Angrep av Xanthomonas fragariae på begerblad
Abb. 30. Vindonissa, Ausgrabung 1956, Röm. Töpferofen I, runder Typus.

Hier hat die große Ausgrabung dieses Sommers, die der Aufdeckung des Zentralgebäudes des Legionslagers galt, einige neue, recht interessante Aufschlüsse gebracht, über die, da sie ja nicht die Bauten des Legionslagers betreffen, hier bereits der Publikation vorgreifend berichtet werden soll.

---

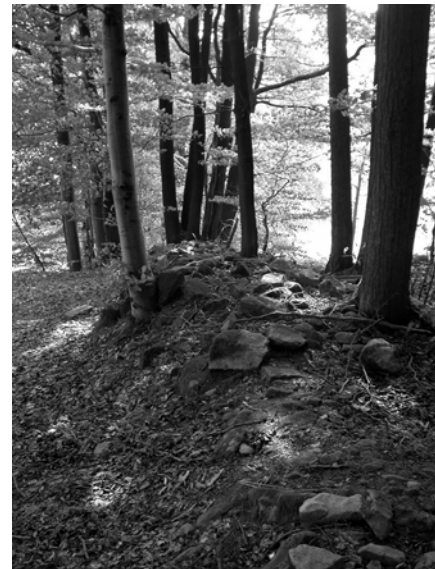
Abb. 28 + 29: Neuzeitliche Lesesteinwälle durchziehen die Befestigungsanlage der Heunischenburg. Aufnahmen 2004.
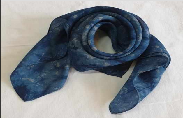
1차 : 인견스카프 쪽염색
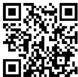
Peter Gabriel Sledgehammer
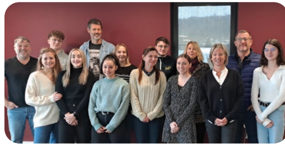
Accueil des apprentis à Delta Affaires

**Task to complete:** Copy the records above exactly, beginning at the line that contains "Angrep av Xanthomonas fragariae på begerblad" and stopping after the line that contains "Hier hat die".

**Answer to the exercise:**
Angrep av Xanthomonas fragariae på begerblad
Abb. 30. Vindonissa, Ausgrabung 1956, Röm. Töpferofen I, runder Typus.

Hier hat die große Ausgrabung dieses Sommers, die der Aufdeckung des Zentralgebäudes des Legionslagers galt, einige neue, recht interessante Aufschlüsse gebracht, über die, da sie ja nicht die Bauten des Legionslagers betreffen, hier bereits der Publikation vorgreifend berichtet werden soll.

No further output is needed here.